A phylogeny of actions relates two or more different function spaces to one another on the basis of (dis-)similarities in their ontogenies, i.e., (dis-)similarities in the manner in which the different function spaces have been coordinated.

  • Re-actions (i.e., functions) arise when a phylogeny of actions only includes regularities and includes no aberrations. That is to say, in other words, that re-actions arise when a phylogenetic process relates two or more different function spaces that have only been coordinated in (co-)incidentally similar ways.

    •  A variable that is determined by another variable is a re-active variable. A re-active variable is dependent on another active variable: e.g., one’s energy being determined by one’s momentum or, vice versa, one’s momentum being determined by one's energy.

  • Inter-actions (i.e., operators) arise when a phylogeny of actions includes regularities and probable aberrations but includes no improbable aberrations. That is to say, in other words, that inter-actions arise when a phylogenetic process relates two or more different function spaces that have been coordinated in (co-)incidentally similar and (co-)incidentally dis-similar ways but not in essentially dis-similar ways.

    • Two variables that mutually determine one another are inter-active variables. Two variables that inter-act with one another are co-dependent: e.g., a feedback loop in which one’s momentum determines one’s energy and one’s energy determines one’s momentum in turn, one after the other, over and over again.

  • Intra-actions (i.e., spectra of operators) arise when a phylogeny of actions includes regularities, probable aberrations, and improbable aberrations. That is to say, in other words, intra-actions arise when a phylogenetic process relates two or more different function spaces that have been coordinated in (co-)incidentally similar, (co-)incidentally dis-similar, and essentially dis-similar ways.

    •  Two variables that cannot be determined simultaneously are intra-active variables.
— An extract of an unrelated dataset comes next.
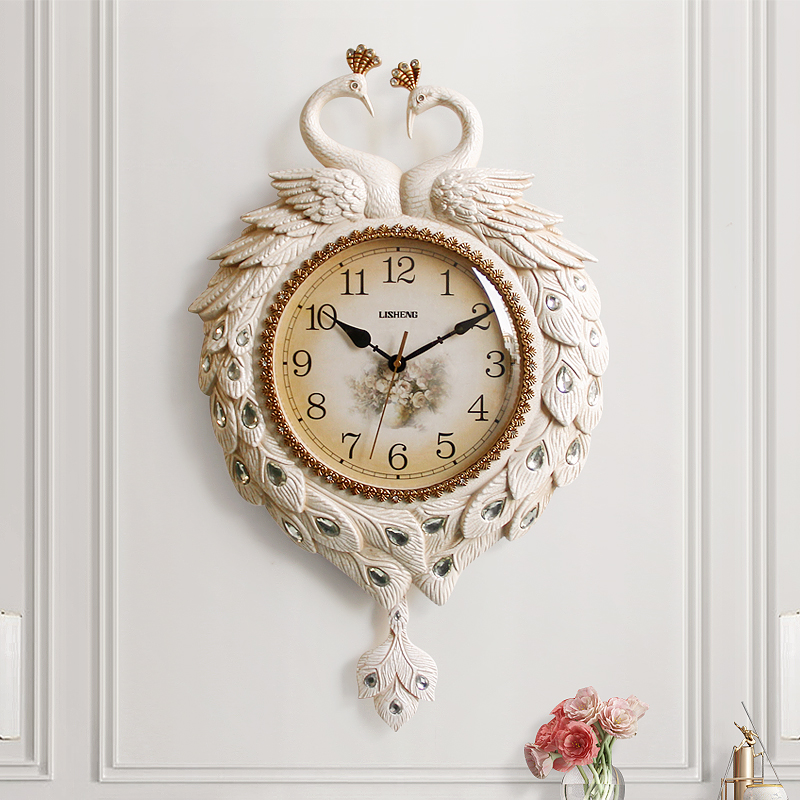 恋妆孔雀挂钟客厅个性欧式创意时钟家用时尚静音装饰大气石英钟表

Two variables that intra-act with one another are complementary, when one variable is determined the other variable becomes indeterminate: e.g., the more precisely one’s momentum is determined the less precisely one’s energy is determined and, vice versa, the more precisely one’s energy is determined the less precisely one’s momentum is determined

A complex is an organization that admits beings according to their actions.

  • A standardizing complex can only admit beings that are re-active.

  • A normalizing complex  and an optimizing complex can admit beings that are inter-active alongside beings that are re-active.

  • A segregating complex can admit beings that are intra-active alongside beings that are inter-active and re-active, provided that intra-active beings are “well behaved” and not too noisy.

  • A complex failure is a dis-organization that occurs when beings that have been denied because of their noisy intra-activity make so much noise that they compromise the complexes that deny them.

  • Biopoetic complexes are gracefully dissolved by complex failures.

  • Necropolitical complexes are gracelessly resolved against complex failures.